Segment Start: Input data

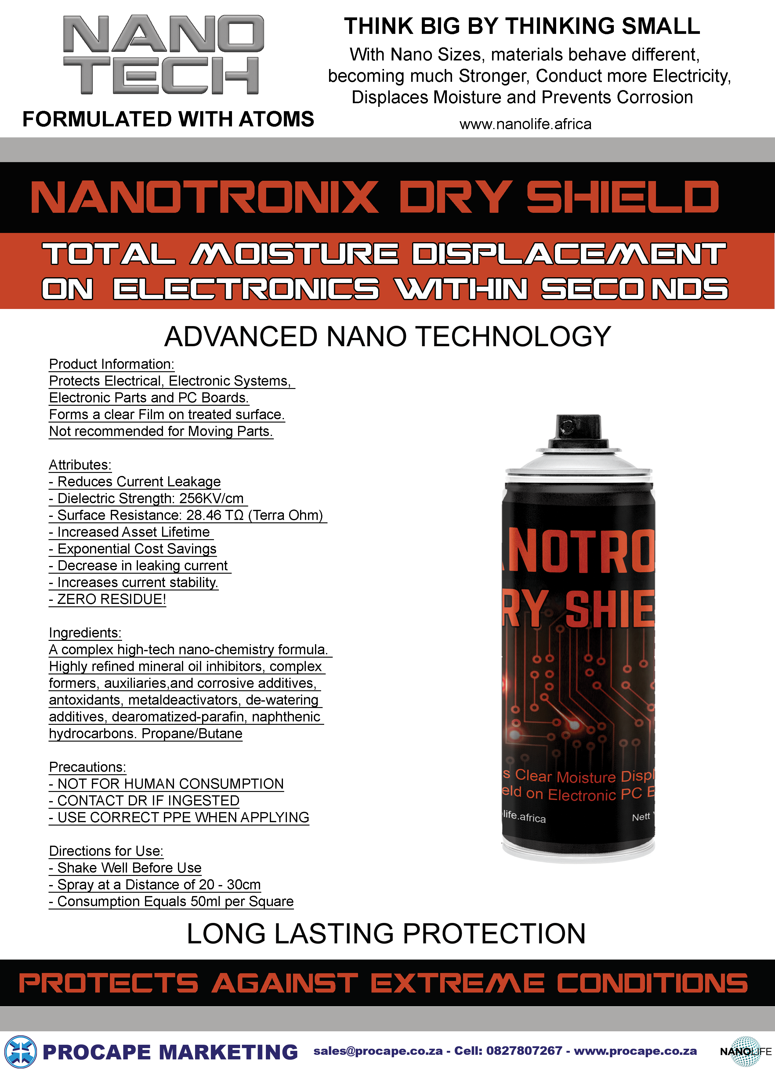 Nanotronix Moisture Displacement Dry Shield is a cutting-edge solution designed to protect non-moving parts from corrosion and damage. This advanced formula instantly displaces 100% of moisture in seconds, creating a dry shield that safeguards surfaces and ensures long-lasting performance. Ideal for various applications, Nanotronix Dry Shield provides reliable protection, preventing moisture-related issues and extending the lifespan of equipment and components.
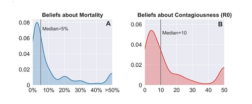 Figure (A) and (B) plot the distribution of beliefs about mortality and contagiousness (R0) of the new coronavirus as measured in a representative sample (N=915) of the US population on March 4th 2020.
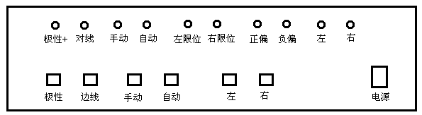 1、指 示 燈: 前面板上部為指示燈,指示當前的工作方式。 2、“極性”按鍵: 設定電機在自動控制狀態的旋轉方向。 3、“邊線”按鍵: 設定系統在“對邊”或“對線”方式下工作。 4、“手動”按鍵: 設定系統在手動控制狀態下工作。 5、“自動”按鍵: 設定系統在自動控制狀態下工作。 6、“左” 按鍵: 在手動狀態下控制電機的左轉。自動狀態下該鍵無效。 7、“右” 按鍵: 在手動狀態下控制電機的右動。自動狀態下該鍵無效。
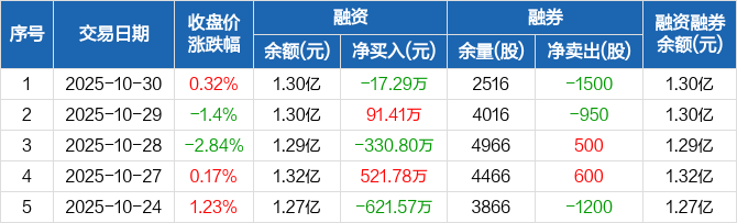 科威尔:融资净偿还17.29万元,融资余额1.3亿元(10-30)
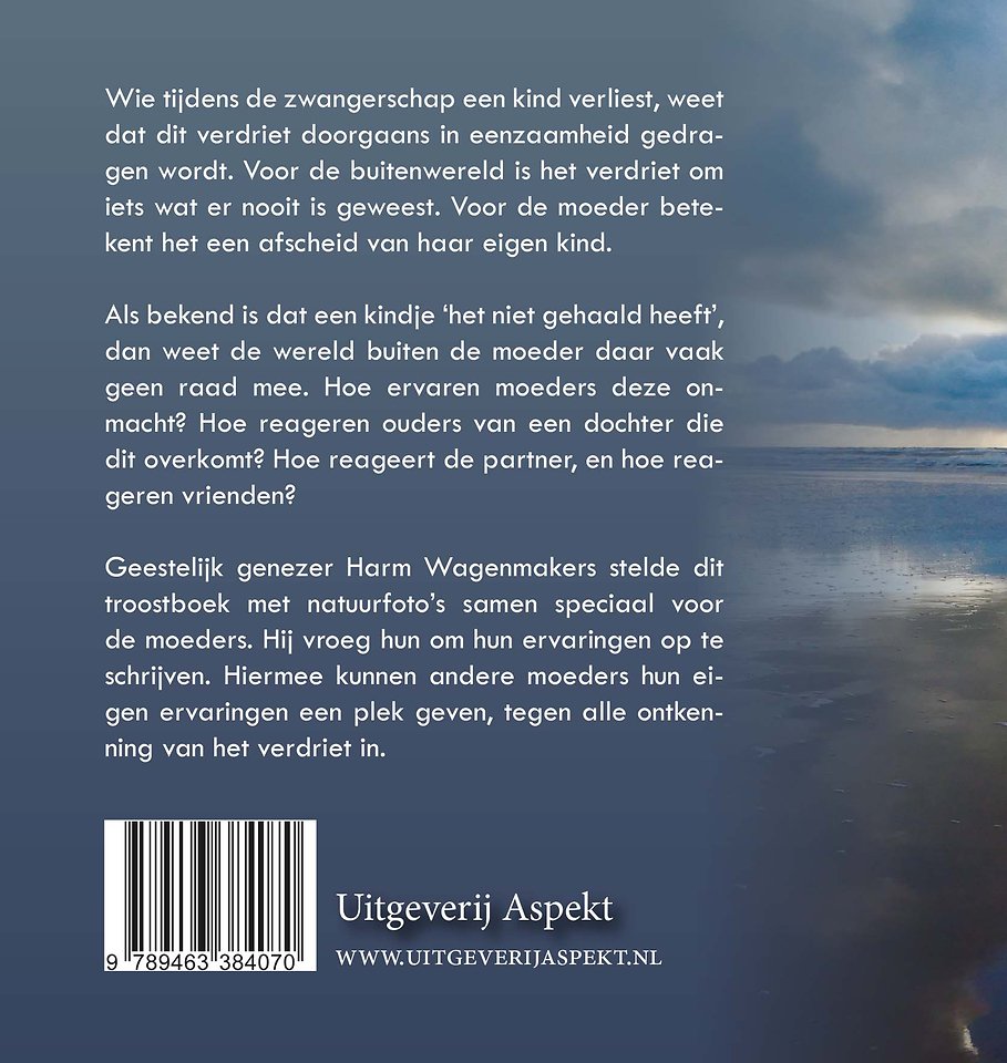 Geestelijk genezer Harm Wagenmakers stelde dit troostboek met natuurfoto’s samen speciaal voor de moeders. Hij vroeg hun om hun ervaringen op te schrijven. Hiermee kunnen andere moeders hun eigen ervaringen een plek geven, tegen alle ontkenning van het verdriet in.
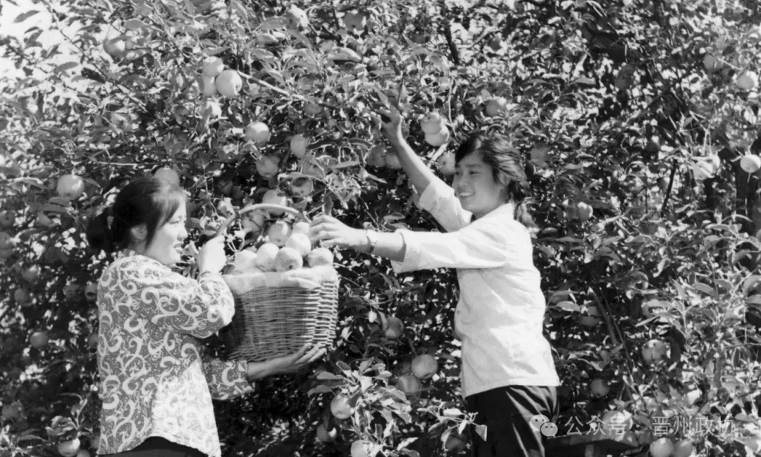 1989年,周家庄乡果农正在采摘丰收的果实。改革开发后,特别是在棉花销售不再火爆后,晋县开始大力调整农业生产结构。1983年,全县推行果树生产责任制,推动了梨果业发展。1990年,全县果品总产9112.5万公斤,收入3785万元。
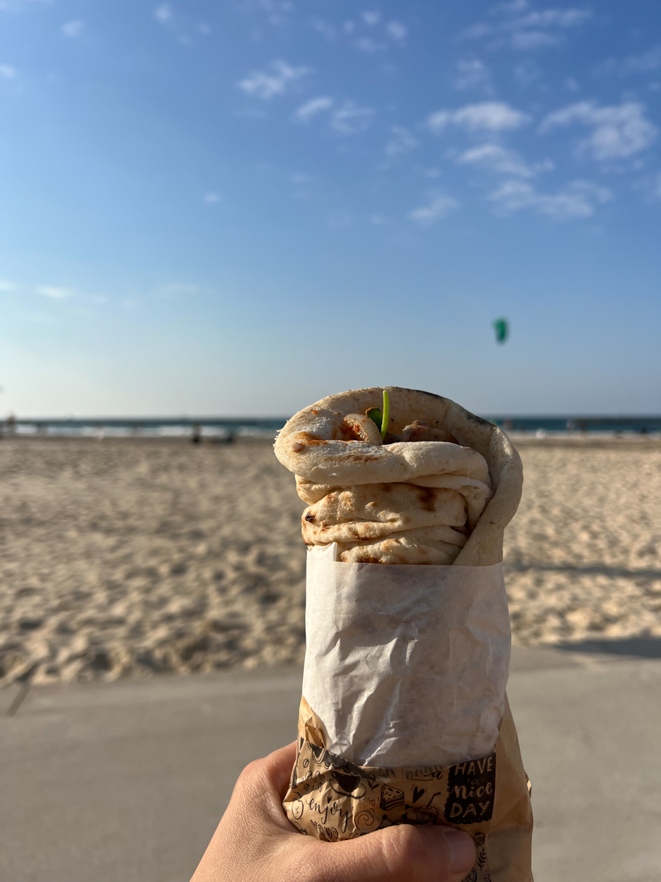 On est parti de la Savoie il fait très froid ce matin et on arrive à Tel Aviv la température approche des 30°C en ce début Novembre. On se change, et range les chaussures, jeans, pulls, et manteaux dans la valise, pour les échanger avec short, claquettes et lunettes de soleil. On achète notre premier shisch kebab du voyage, vendu à un prix d’or 15 Euro l’unité, pour le manger au bord de la plage. L’ambiance est dynamique sur cette promenade, entre les joggeurs, les plagistes, les joueurs de volley ou tout simplement les nombreux couples qui marchent tranquillement le long de cette belle zone piétonne qui fait face à la Mer Méditerranée. Quel changement d’univers en une demie journée.
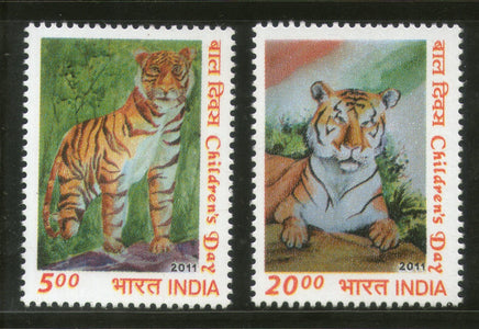 India 2011 Children's Day Tiger Animals Wild Life Phila-2726-27 2v Set MNH
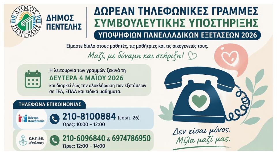 Χέρι βοήθειας και στήριξης στους μαθητές- υποψηφίους των Πανελλαδικών εξετάσεων και τις οικογένειές τους τείνει ο δήμος Πεντέλης, θέτοντας σε λειτουργία τηλεφωνικές γραμμές συμβουλευτικής και ψυχολογικής υποστήριξης.
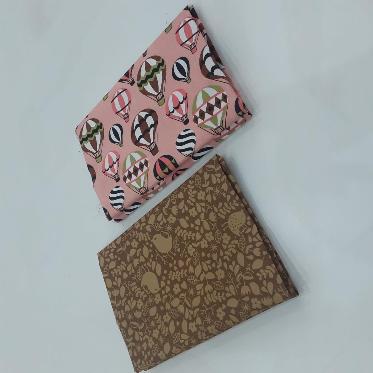 Kit com 02 tecidos tricoline 100% algodão, estampas variadas, cada um com recorte de 50 x 70 cm. Ideal para costura criativa, patchwork, artesanato, forros e aplicações diversas.
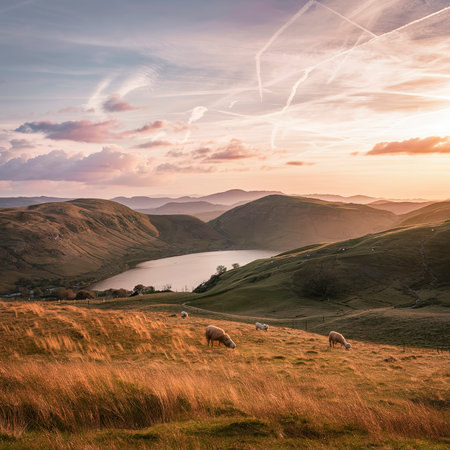 Sunset over the countryside in Cumbria, England, UK
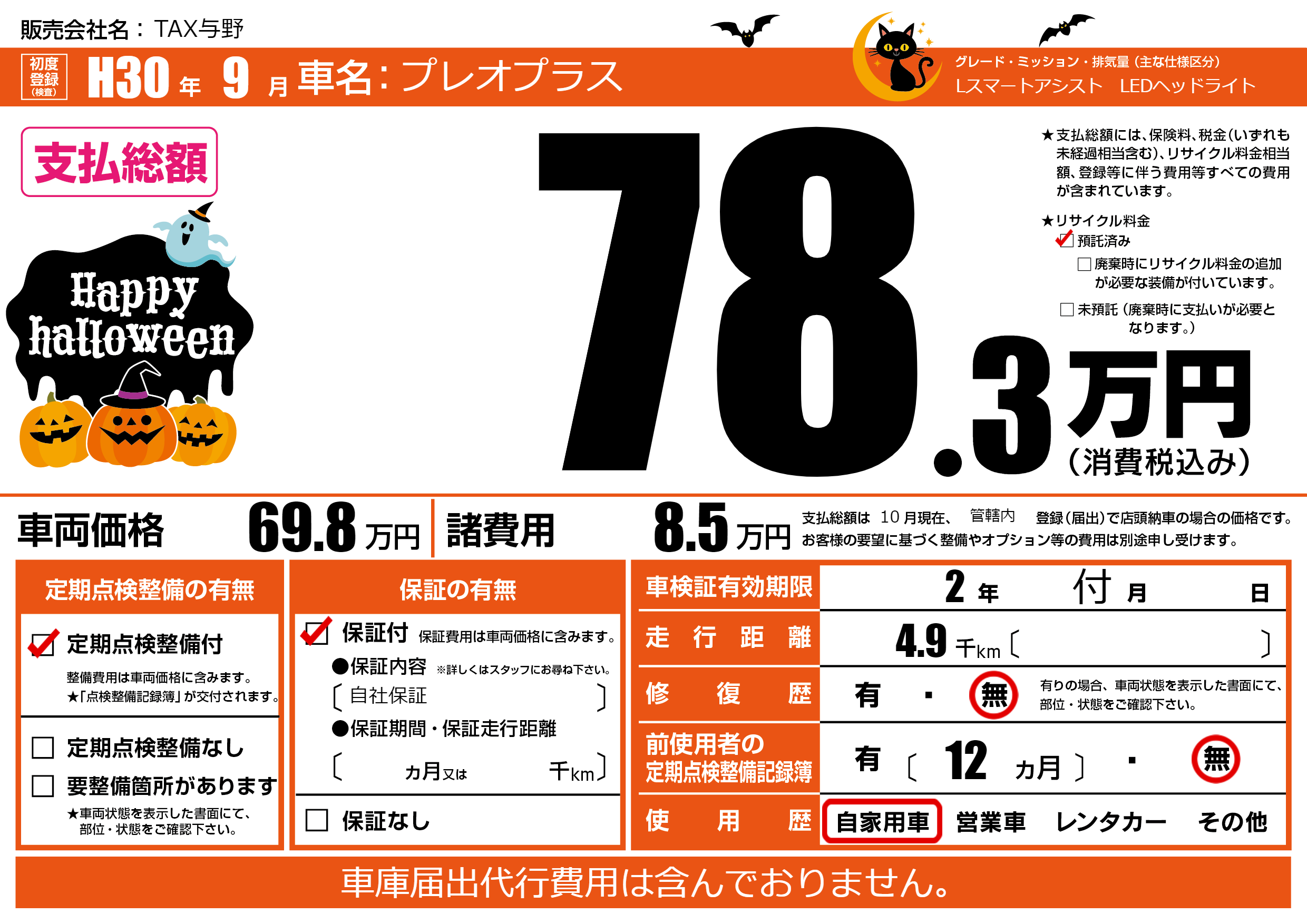 | 定期点検整備 | 定期点検整備あり | ||
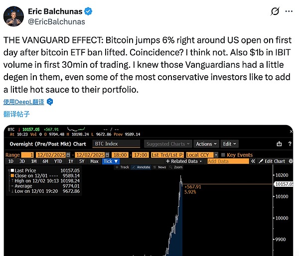 12 月 2 日,先锋集团在其官网发布了一篇题为《加密货币与先锋集团:投资者需要了解什么》的公告,正式宣布将允许客户通过其经纪账户交易部分第三方加密货币 ETF 及共同基金。彭博社 ETF 分析师 Eric Balchunas 更是将随后市场出现的显著反弹现象,称为「先锋效应」。

Segment End: Input data

*Description of the task:* Would you restate, word for word and with no pictures, only the lines from the opening of the material through the line with "科威尔:融资净偿还17.29万元,融资余额1.3亿元(10-30)", both included?

*Result of the task:*
 Nanotronix Moisture Displacement Dry Shield is a cutting-edge solution designed to protect non-moving parts from corrosion and damage. This advanced formula instantly displaces 100% of moisture in seconds, creating a dry shield that safeguards surfaces and ensures long-lasting performance. Ideal for various applications, Nanotronix Dry Shield provides reliable protection, preventing moisture-related issues and extending the lifespan of equipment and components.
 Figure (A) and (B) plot the distribution of beliefs about mortality and contagiousness (R0) of the new coronavirus as measured in a representative sample (N=915) of the US population on March 4th 2020.
 1、指 示 燈: 前面板上部為指示燈,指示當前的工作方式。 2、“極性”按鍵: 設定電機在自動控制狀態的旋轉方向。 3、“邊線”按鍵: 設定系統在“對邊”或“對線”方式下工作。 4、“手動”按鍵: 設定系統在手動控制狀態下工作。 5、“自動”按鍵: 設定系統在自動控制狀態下工作。 6、“左” 按鍵: 在手動狀態下控制電機的左轉。自動狀態下該鍵無效。 7、“右” 按鍵: 在手動狀態下控制電機的右動。自動狀態下該鍵無效。
 科威尔:融资净偿还17.29万元,融资余额1.3亿元(10-30)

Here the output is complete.